The snippet of dependabot.yml file below uses a token. For this type of registry using the GitHub Packages registry (xyz.pkg.github.com), the token is in fact a GitHub personal access token (PAT) .

registries:
  ruby-github:
    type: rubygems-server
    url: https://rubygems.pkg.github.com/octocat/github_api
    token: ${{secrets.MY_GITHUB_PERSONAL_TOKEN}}

Notes

Dependencies sourced directly from a GitHub repository give Dependabot access to the repository through the GitHub UI. For information about allowing Dependabot to access private GitHub dependencies, see "Allowing Dependabot to access private dependencies."

Docker

Docker supports using a username and password for registries. For more information, see docker-registry in "Configuration options for the dependabot.yml file."

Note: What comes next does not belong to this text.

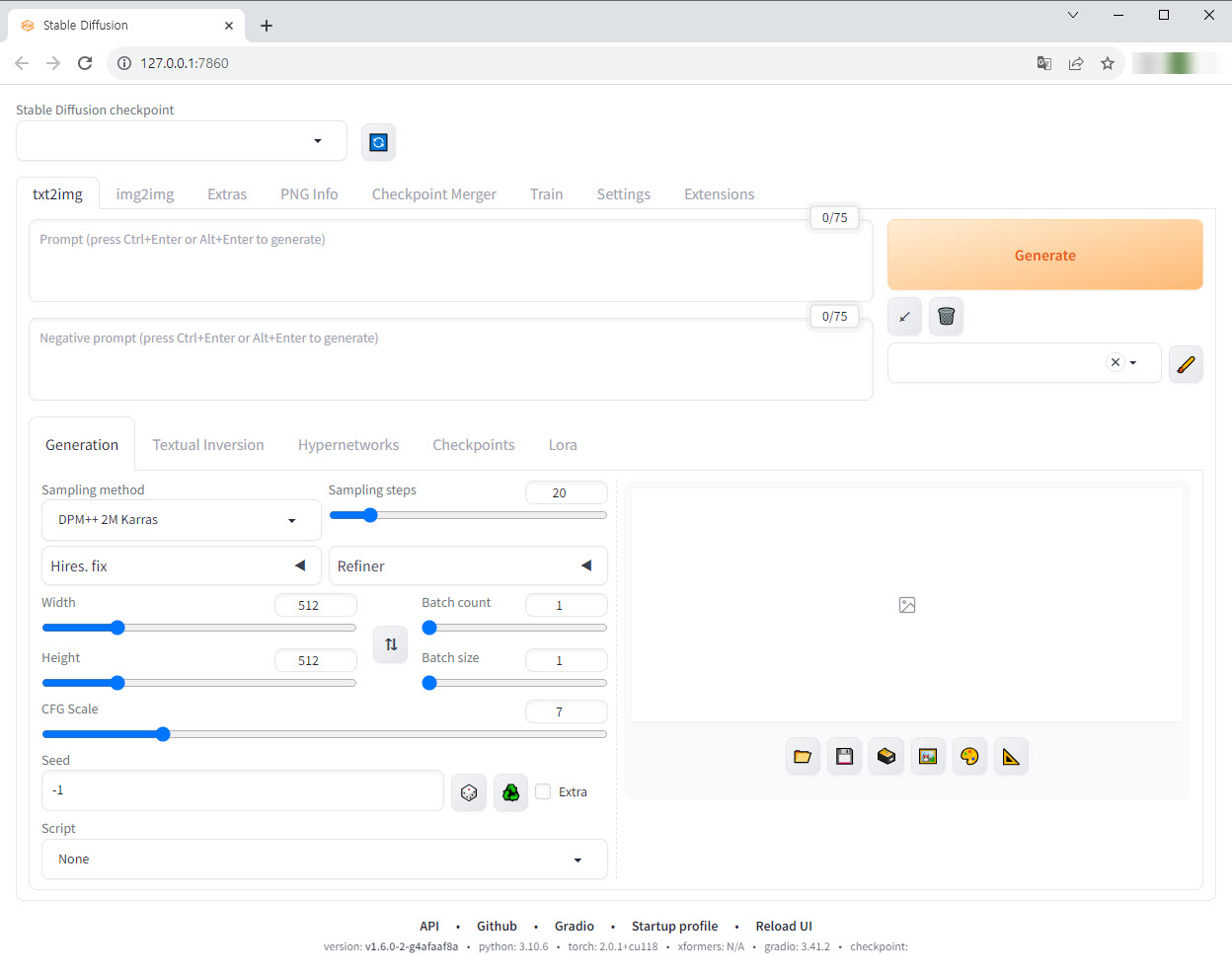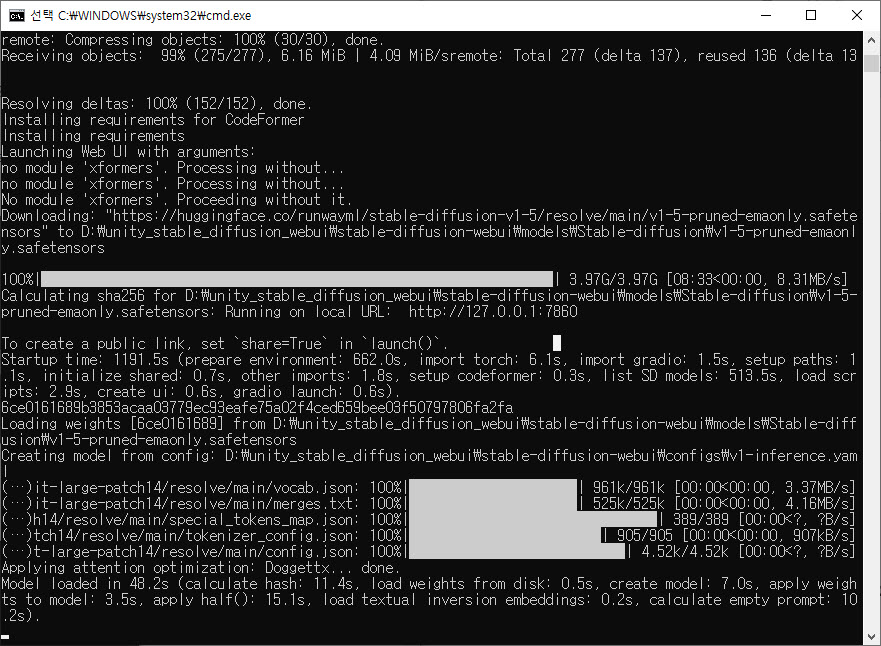 7)설치가 완료되면 웹 브라우저에서 아래 주소를 입력하여 Stable Diffusion webUI가 정상적으로 동작하는것을 확인할수있습니다.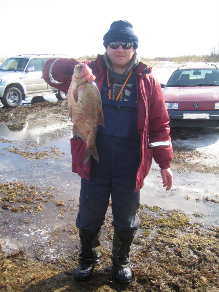 Туман рассеялся и потихоньку начали искать то за что Чудо благодорят. В один момент Олег (ОЦ) начал вываживать хорошую рыбку, которую с помощью багорика достаточно быстро извлекли на свет. Затем в это же у рядом сидящего НП Бати завязалась борьба. Подвели к лунке багрю, и ломается крюк, но лещик не сходит. Пытаюсь достать рукой, но они оказываются коротковаты: достаю только до губ. В это время подвозят второй багорик, цепляем с горем пополам, расверливаем лунку и вот он красавиц, лещ трепыхается на льду. Долго любуемся на эту красоту, НП делает фотки и расходимся. Уже под самый отъезд немного смещаюсь к залому, бурюсь и сразу ловлю первого за день ерша. Вот так сместился, и зачем спрашивается, но остаюсь. Затем подряд несколько плотвиц и после очередной поклевки чувствую тяжесть. Рыб сопротивлялся сильно, несколько раз пришлось сдавть леску, но к лунке подвожу. Пытаюсь снова достать рукой но в 130 размер не лезет совсем. Оборачиваюсь, а ко мне уже подбигает Барсик с правильным буром, быстро разбуриваем лунку и достаем красавца. Собираюсь и иду к санкам со спокойной душой, так чертовски приятно осозновать, что предчуствие меня не обмануло. Подошел к санкам, меня зовет Борька, грит тащу, но справляется сам и достает закилошного лещика, и... затем сразу же второго, вот гад

Snippet of dependabot.yml file using a username and password.

registries:
  dockerhub:
    type: docker-registry
    url: https://registry.hub.docker.com
    username: octocat
    password: ${{secrets.MY_DOCKERHUB_PASSWORD}}

docker-registry can also be used to pull from private Amazon ECR using static AWS credentials.

registries:
  ecr-docker:
    type: docker-registry
    url: https://1234567890.dkr.ecr.us-east-1.amazonaws.com
    username: ${{secrets.ECR_AWS_ACCESS_KEY_ID}}
    password: ${{secrets.ECR_AWS_SECRET_ACCESS_KEY}}

Notes

Dependabot works with any container registries that implement the Open Container Initiative (OCI) Distribution Specification. For more information, see https://github.com/opencontainers/distribution-spec/blob/main/spec.md.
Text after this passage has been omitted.